AI-secure / Transferability-Reduced-Smooth-Ensemble

22 stars 8 forks source link

How to set superparameter for TRS #1

Open ZY123-GOOD opened 2 years ago

ZY123-GOOD commented 2 years ago

Hello, thank you for sharing your paper and codes. However, I have some questions. I ran the codes for training TRS but found the clean test accuracy is around 60%, which is much lower than vanilla training. Moreover, the transferability is not as good as shown in the paper. Maybe the file "utils/Empirical/arguments.py" does not exist.

YunDuanZhiNeng commented 2 years ago

Hello, thank you for sharing your paper and codes. I have encountered the same problem. Can the author share the training parameters or the pre-trained model?

Lucas110550 commented 2 years ago

Hi, sorry for the late reply. All the hyper-parameters can be found in our paper. Specifically, in our code we defined our arguments as:

For the CIFAR experiments, we have lambda_a = 40, lambda_b = 2.5, \delta_0 = 0.01 and \delta_m = 0.03. For MNIST, we have considered various hyper-paramter settings mentioned in our Appendix.
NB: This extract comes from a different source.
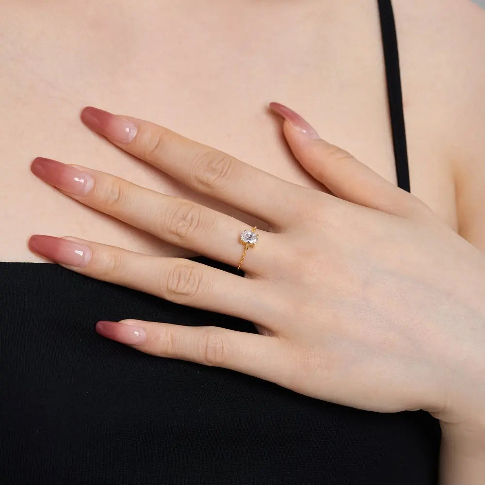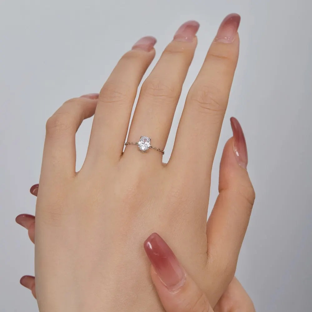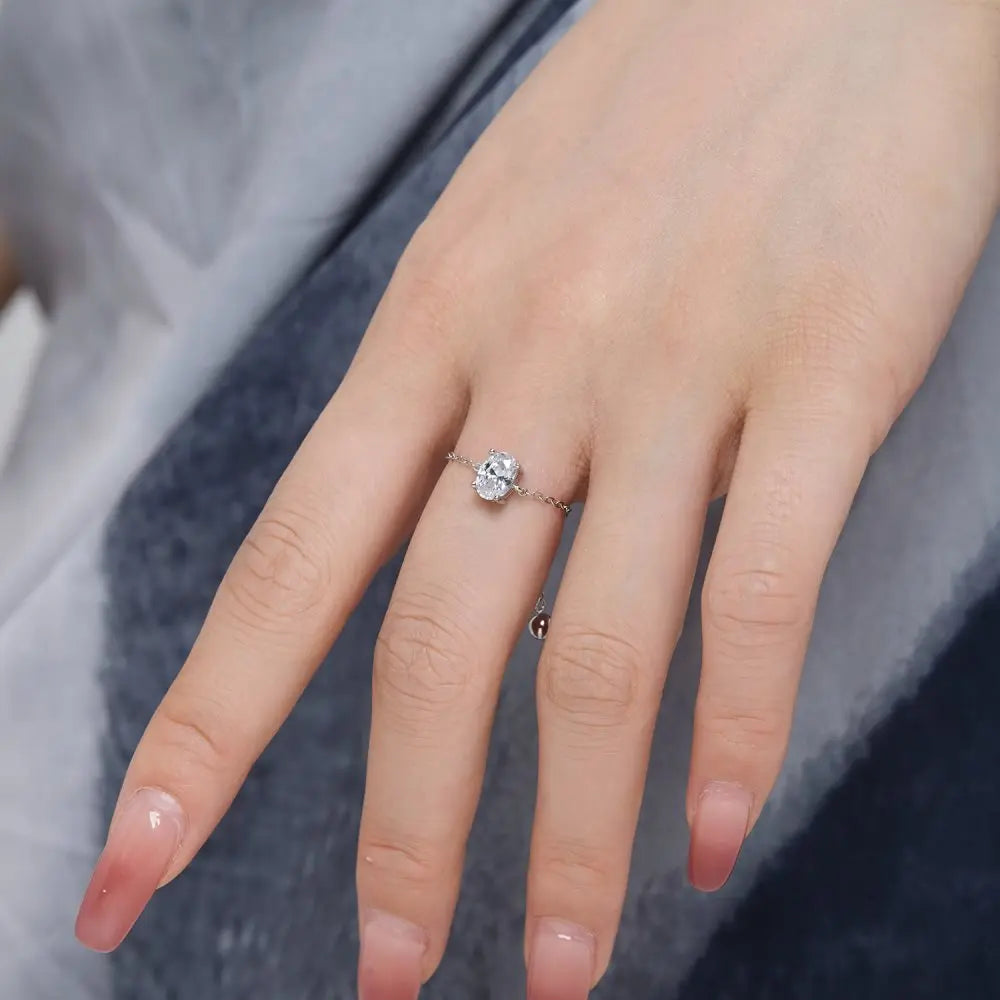 Aetolia Wholesale S925 Sterling Silver Square Ring Adjustable Chain Cubic Zirconia Stone Finger Ring Pulling Link Chain Rings For Women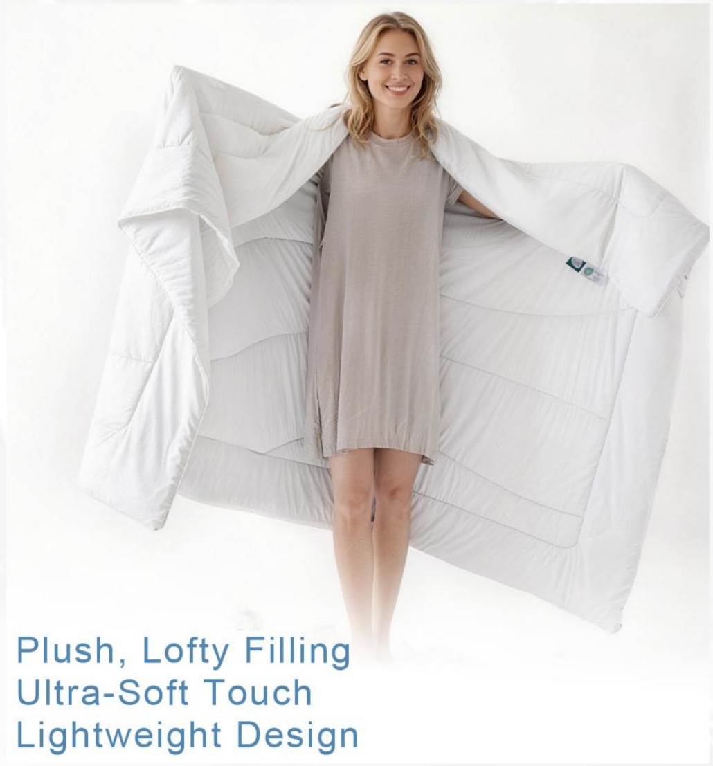 The 220 GSM fluffy construction provides a soft and airy feel without heavy pressure, making it perfect for summer and warm climates. Its sweat-wicking and skin-friendly materials help keep users dry and comfortable throughout the night.

Feel free to ask me any other questions! thanks!

HuangZuShu commented 1 year ago

Hi, sorry for the late reply. All the hyper-parameters can be found in our paper. Specifically, in our code we defined our arguments as:

  • lambda_a = scale coeff, lambda_b = scale lamda
  • plus-adv = {"True": TRS training; "False": cos-l2 training}
  • adv_eps: the maximum eps for smoothness loss computation (\delta_M in our paper)
  • init_eps: the starting eps for smoothness loss computation (\delta_0 in our paper)

For the CIFAR experiments, we have lambda_a = 40, lambda_b = 2.5, \delta_0 = 0.01 and \delta_m = 0.03. For MNIST, we have considered various hyper-paramter settings mentioned in our Appendix.

Feel free to ask me any other questions! thanks!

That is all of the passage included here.